WHAT TO WORK ON – One part of the entries below is wanted: the lines from the one containing "男性向けラノベタイトル風あだ名 | 『うなぎモケケに滅ぼされるだけの簡単なお仕事です』 |" through the one containing "在一个月内,如一名经纪完成多". Write those out exactly and nothing else.

EXERCISE DATA –
##########

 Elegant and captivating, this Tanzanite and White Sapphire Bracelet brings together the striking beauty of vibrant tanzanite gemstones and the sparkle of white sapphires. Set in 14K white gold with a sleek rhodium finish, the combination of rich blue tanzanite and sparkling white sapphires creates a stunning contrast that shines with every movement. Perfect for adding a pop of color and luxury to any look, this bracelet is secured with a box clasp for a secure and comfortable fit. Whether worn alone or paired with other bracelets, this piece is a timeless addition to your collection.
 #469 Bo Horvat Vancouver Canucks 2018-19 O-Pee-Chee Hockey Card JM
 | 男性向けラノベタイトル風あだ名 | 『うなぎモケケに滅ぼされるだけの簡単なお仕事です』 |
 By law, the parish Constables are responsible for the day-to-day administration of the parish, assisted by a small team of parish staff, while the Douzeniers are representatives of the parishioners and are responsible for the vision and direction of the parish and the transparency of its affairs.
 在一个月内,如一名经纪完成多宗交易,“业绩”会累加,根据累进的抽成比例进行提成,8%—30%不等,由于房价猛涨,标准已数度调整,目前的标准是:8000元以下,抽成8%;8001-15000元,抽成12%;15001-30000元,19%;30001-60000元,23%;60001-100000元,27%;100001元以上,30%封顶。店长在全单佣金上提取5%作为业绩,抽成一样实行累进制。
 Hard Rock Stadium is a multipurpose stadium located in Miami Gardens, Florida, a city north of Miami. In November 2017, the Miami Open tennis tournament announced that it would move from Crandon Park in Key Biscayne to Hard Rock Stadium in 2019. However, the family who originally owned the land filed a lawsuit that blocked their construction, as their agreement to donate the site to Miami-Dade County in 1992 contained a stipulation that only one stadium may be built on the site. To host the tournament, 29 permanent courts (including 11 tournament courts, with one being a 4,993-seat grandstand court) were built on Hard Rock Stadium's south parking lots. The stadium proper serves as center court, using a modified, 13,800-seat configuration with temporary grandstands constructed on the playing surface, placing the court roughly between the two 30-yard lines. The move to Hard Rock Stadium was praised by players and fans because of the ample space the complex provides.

##########

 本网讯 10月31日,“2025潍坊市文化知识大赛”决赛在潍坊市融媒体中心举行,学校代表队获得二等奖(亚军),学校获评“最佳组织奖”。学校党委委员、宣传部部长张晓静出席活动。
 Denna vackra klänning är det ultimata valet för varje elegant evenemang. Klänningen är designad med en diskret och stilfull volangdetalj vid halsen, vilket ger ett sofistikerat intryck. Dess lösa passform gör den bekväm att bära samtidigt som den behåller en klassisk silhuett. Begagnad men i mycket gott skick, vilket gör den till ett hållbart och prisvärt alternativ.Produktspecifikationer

##########

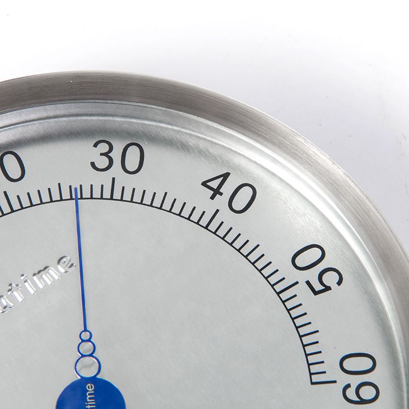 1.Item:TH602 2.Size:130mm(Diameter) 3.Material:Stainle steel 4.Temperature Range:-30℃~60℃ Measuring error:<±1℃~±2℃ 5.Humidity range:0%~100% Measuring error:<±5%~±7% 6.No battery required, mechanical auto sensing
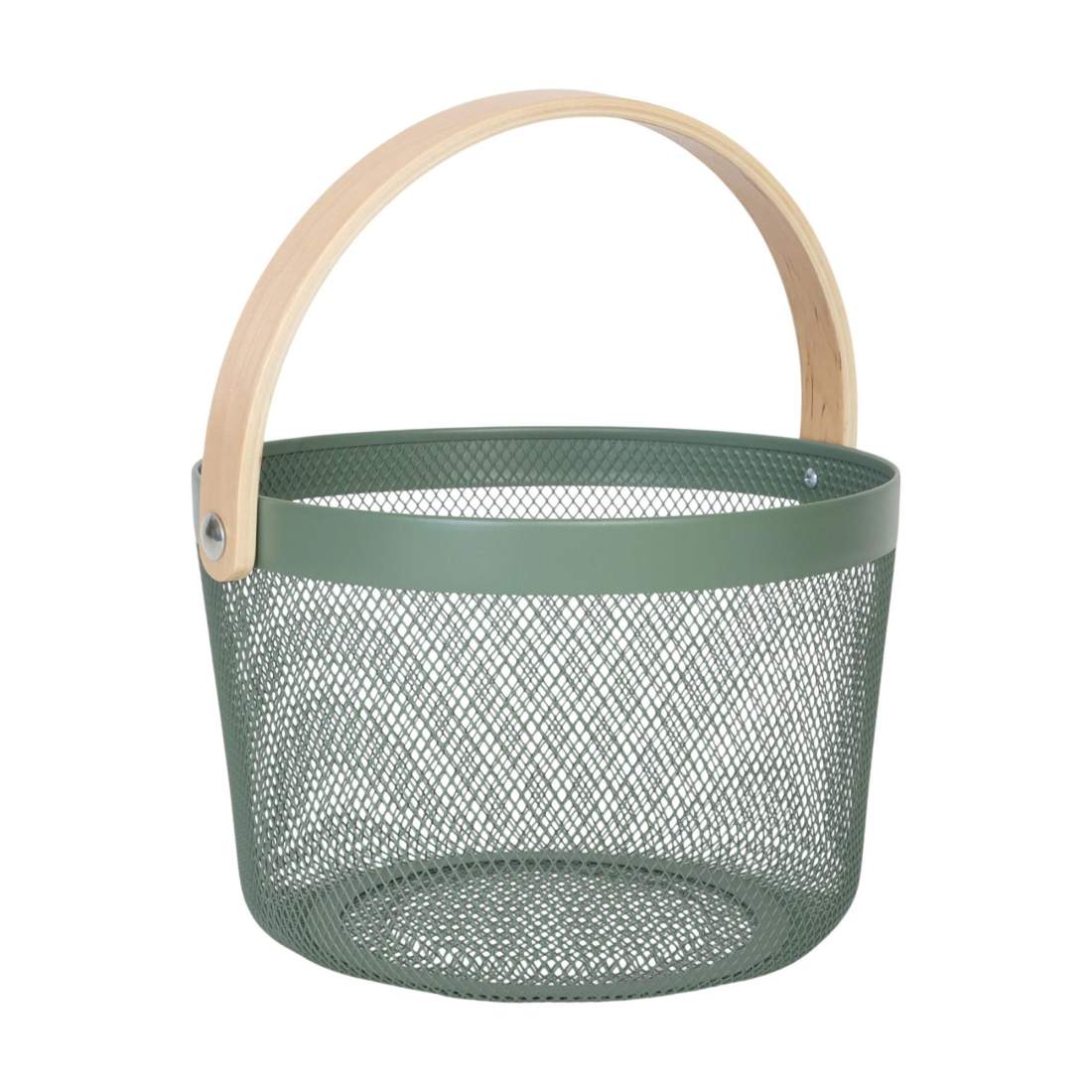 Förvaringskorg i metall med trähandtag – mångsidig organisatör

##########

SOLUTION TO THIS PROBLEM –
 | 男性向けラノベタイトル風あだ名 | 『うなぎモケケに滅ぼされるだけの簡単なお仕事です』 |
 By law, the parish Constables are responsible for the day-to-day administration of the parish, assisted by a small team of parish staff, while the Douzeniers are representatives of the parishioners and are responsible for the vision and direction of the parish and the transparency of its affairs.
 在一个月内,如一名经纪完成多宗交易,“业绩”会累加,根据累进的抽成比例进行提成,8%—30%不等,由于房价猛涨,标准已数度调整,目前的标准是:8000元以下,抽成8%;8001-15000元,抽成12%;15001-30000元,19%;30001-60000元,23%;60001-100000元,27%;100001元以上,30%封顶。店长在全单佣金上提取5%作为业绩,抽成一样实行累进制。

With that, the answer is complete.